A Grande Revelação: A "Alegação Estilizada"

O artigo testa uma alegação popular: "A IA atual é AGI porque supera um adulto bem instruído em muitas tarefas."

Quando o auditor (DAF-AGI) verifica isso, ele encontra um truque de mágica.

  • A alegação usa a regra do Velocímetro (superar o adulto em algumas tarefas).
  • Mas ela pega emprestado o rótulo do Boletim Escolar ("Adulto bem instruído").
  • Se você aplicar de fato as regras do Boletim Escolar, a IA falha porque possui lacunas de memória.
  • Se você aplicar as regras do Velocímetro, a IA passa, mas apenas porque a empresa escolheu as tarefas fáceis.

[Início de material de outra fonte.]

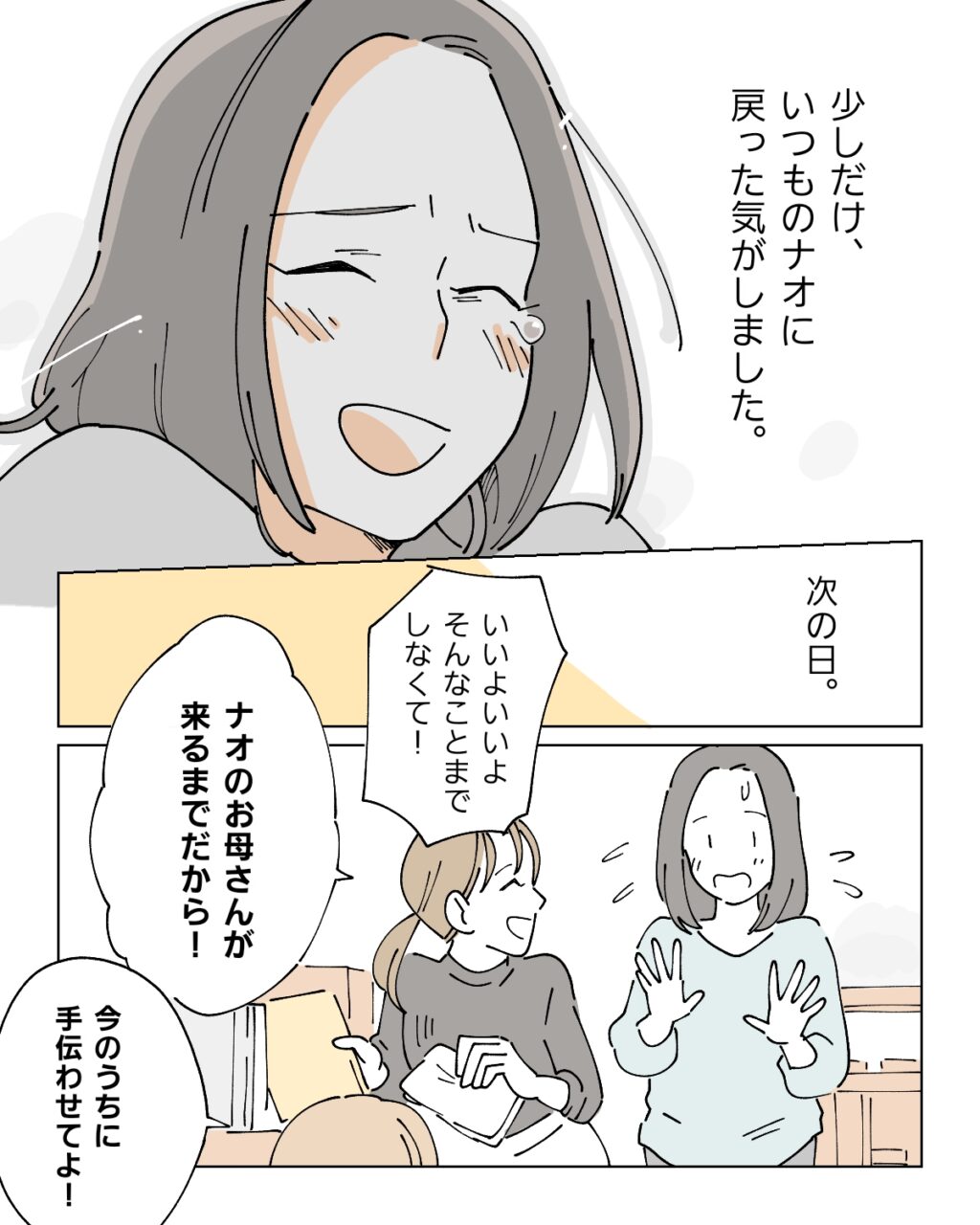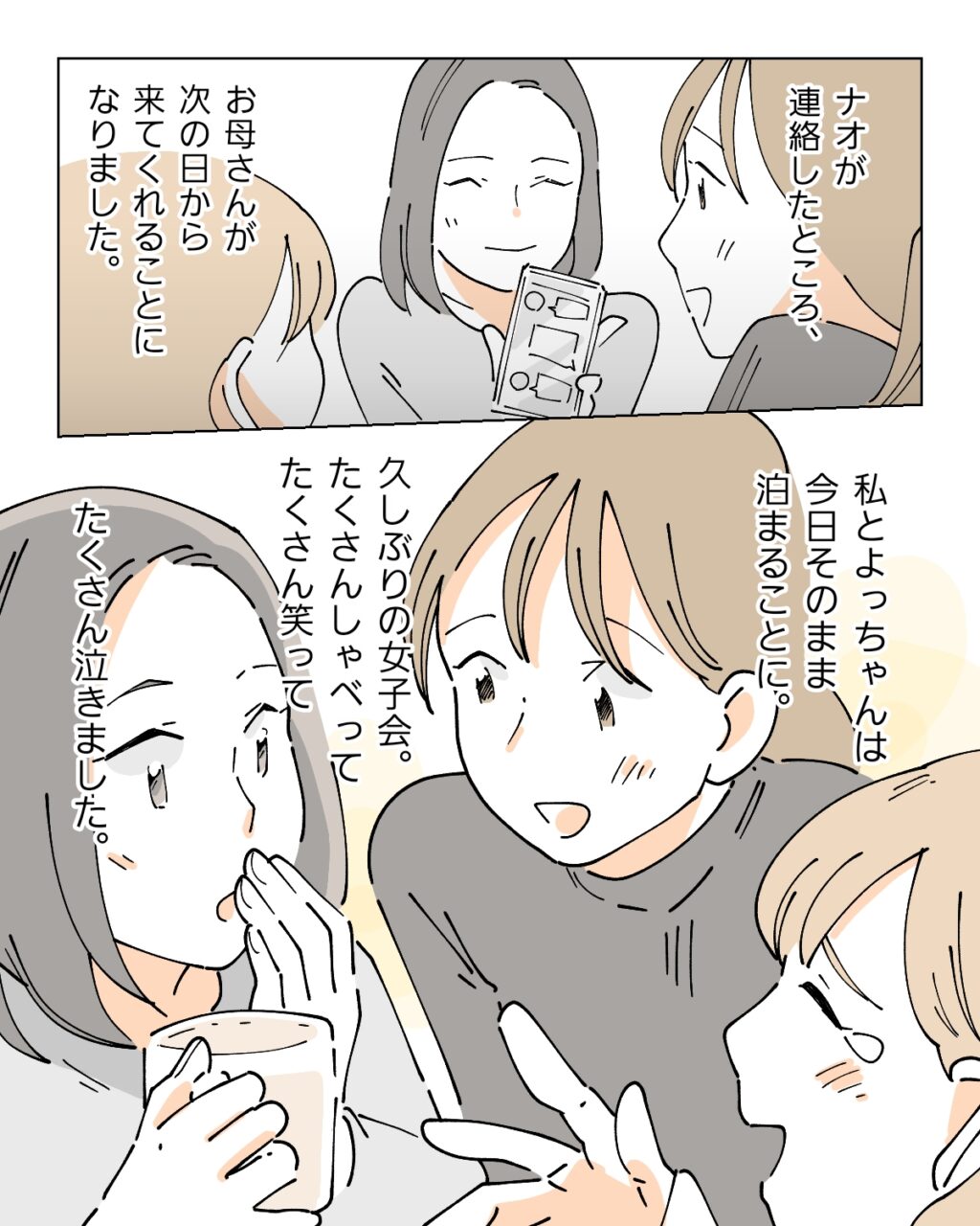 ナオが連絡をしたところ、お母さんはさっそく次の日から来てくれることになり、ナオと一緒に私とよっちゃんも喜びました。この日、私たちはそのままナオの家に泊まることにし、久々の女子会。たくさんしゃべって、たくさん笑って、たくさん泣きました。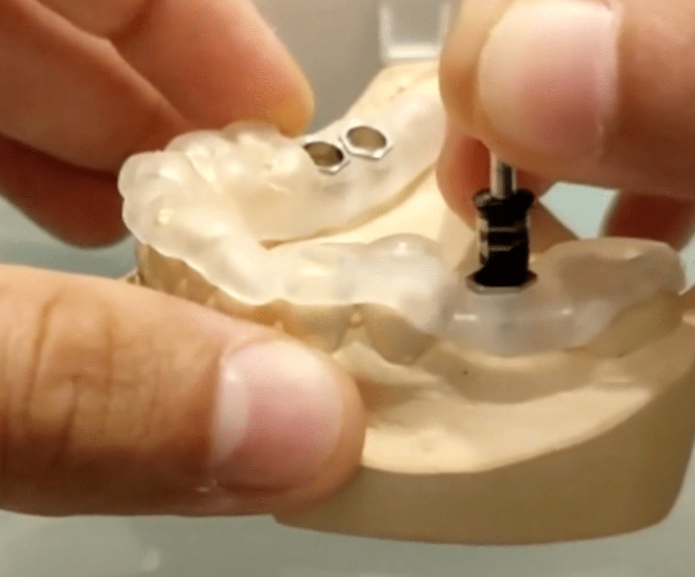 STEP 4:  Il giorno del tuo intervento non ci sarà spazio all'improvvisazione, tutto è stato già deciso e programmato in anticipo. A questo punto non ci resta che posizionare la mascherina sui tuoi denti ed inserire gli impianti tramite gli appositi fori creati su misura. Tutto questo permette di rendere l'intervento rapido, non invasivo ed anche estremamente sicuro.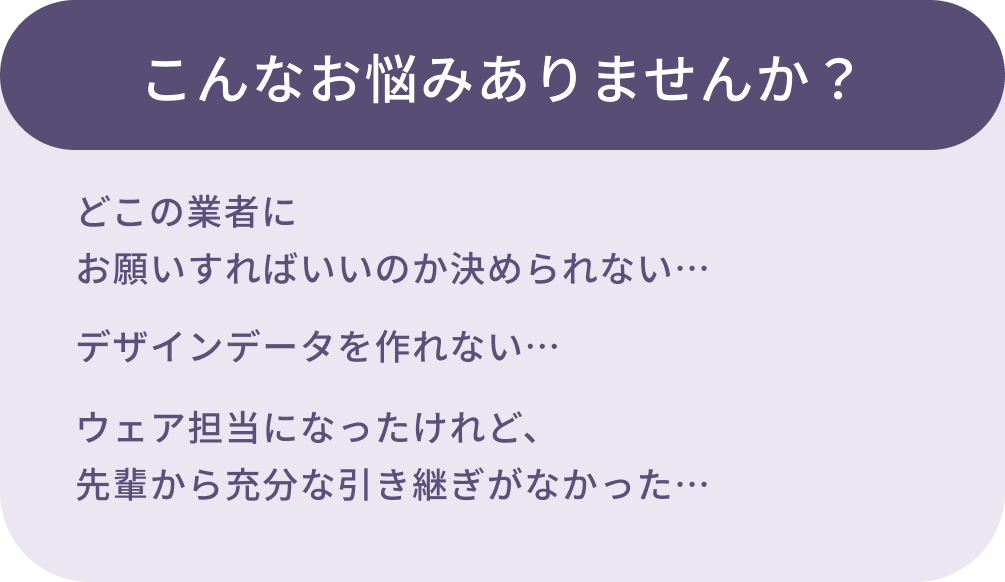 幅広い世代や団体向けにオリジナルウェアの制作・販売を行っています。

A Conclusão: A alegação é "subespecificada". Ela mistura uma regra frouxa com um rótulo rigoroso para fazer a IA parecer mais inteligente do que realmente é. O artigo diz que não podemos declarar "a AGI chegou" até que concordemos sobre qual livro de regras estamos usando e quem tem permissão para mudar as regras.

O Conceito de "Soberania Definitiva"

Esta é a ideia política mais importante do artigo.

Imagine um país que importa toda a sua comida.

  • Cenário A: Eles compram comida de um vizinho. O vizinho decide o que significa "fresco". Se o vizinho mudar a definição de "fresco" amanhã, o país tem que aceitar ou passar fome.
  • Cenário B: O país compra a comida, mas possui seus próprios inspetores. Eles podem dizer: "Aceitamos sua definição de 'fresco' hoje, mas se você mudar a definição, nós a auditaremos e talvez a rejeitemos."

O autor chama isso de Soberania Definitiva.
Muitos países (e o público) estão atualmente no Cenário A. Eles são "Tomadores de Definições". Eles aceitam definições de AGI, "IA de Alto Risco" ou "Maturidade" escritas por alguns laboratórios tecnológicos poderosos nos EUA ou na China.

  • Se um laboratório diz: "Isto é AGI", e isso desencadeia uma lei ou uma queda no mercado de ações, o mundo tem que aceitar.
  • O artigo argumenta que as nações precisam da capacidade de auditar, contestar e revisar essas definições. Elas não precisam escrever suas próprias definições do zero; elas só precisam do poder de dizer: "Essa definição não funciona para nós", ou "Precisamos verificar essa afirmação".

Resumo: O Que Este Artigo Realmente Diz

  1. Não podemos concordar sobre o que é AGI porque diferentes grupos têm objetivos diferentes (marketing, segurança, investimento).
  2. Mais dados não resolverão isso. Mesmo que a IA fique mais inteligente, ainda discutiremos se ela conta como inteligência "Geral" a menos que consertemos a definição primeiro.
  3. As atuais alegações de "Chegada" são frágeis. Elas frequentemente misturam regras fáceis com rótulos difíceis para fazer um sistema parecer que chegou quando, na verdade, não chegou.
  4. A governança é a chave. Precisamos parar de perguntar "Isso é AGI?" e começar a perguntar "Quem escreveu a regra que diz que isso é AGI, e podemos auditá-los?"
  5. A soberania importa. Países e o público precisam do poder de desafiar definições importadas de tecnologia, ou então estarão sendo governados por regras que não escreveram e que não podem mudar.

Em resumo: Antes de discutirmos se o robô está "vivo" ou é "inteligente", precisamos concordar sobre quem segura o dicionário e garantir que eles não estejam mudando as definições para favorecer o próprio bolso.